> [WORK ORDER]
Please return the lines below verbatim, beginning at the one that has "Com suas flores" and stopping after the one that has "Figure 1. Genetic", and add no other lines.

> [INFORMATION PROVIDED]
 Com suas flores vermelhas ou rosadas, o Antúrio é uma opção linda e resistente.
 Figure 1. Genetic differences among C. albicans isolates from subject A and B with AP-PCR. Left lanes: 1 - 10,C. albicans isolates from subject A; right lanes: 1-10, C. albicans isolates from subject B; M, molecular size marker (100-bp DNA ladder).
---
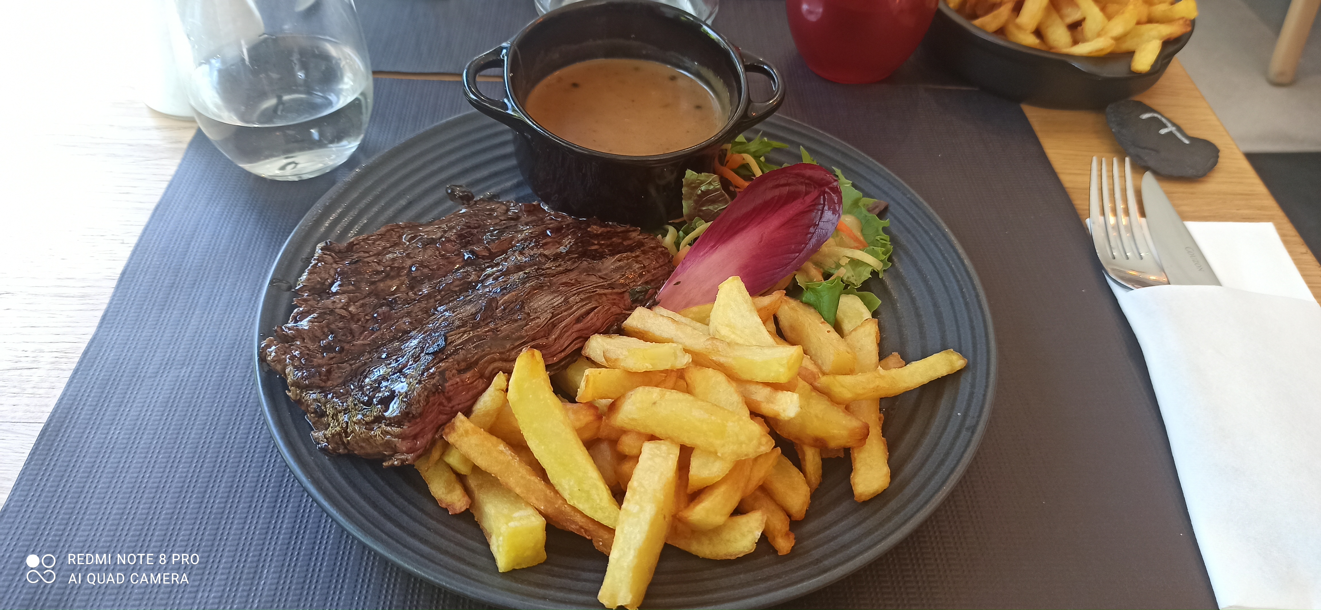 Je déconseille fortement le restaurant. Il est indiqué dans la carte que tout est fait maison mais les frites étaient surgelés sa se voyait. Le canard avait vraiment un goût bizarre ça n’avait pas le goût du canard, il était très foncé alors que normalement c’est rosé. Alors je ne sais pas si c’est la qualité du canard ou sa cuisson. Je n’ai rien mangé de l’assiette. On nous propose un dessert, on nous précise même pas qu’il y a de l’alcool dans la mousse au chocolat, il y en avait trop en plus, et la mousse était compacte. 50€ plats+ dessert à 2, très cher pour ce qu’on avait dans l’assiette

> [ANSWER SPACE]
 Com suas flores vermelhas ou rosadas, o Antúrio é uma opção linda e resistente.
 Figure 1. Genetic differences among C. albicans isolates from subject A and B with AP-PCR. Left lanes: 1 - 10,C. albicans isolates from subject A; right lanes: 1-10, C. albicans isolates from subject B; M, molecular size marker (100-bp DNA ladder).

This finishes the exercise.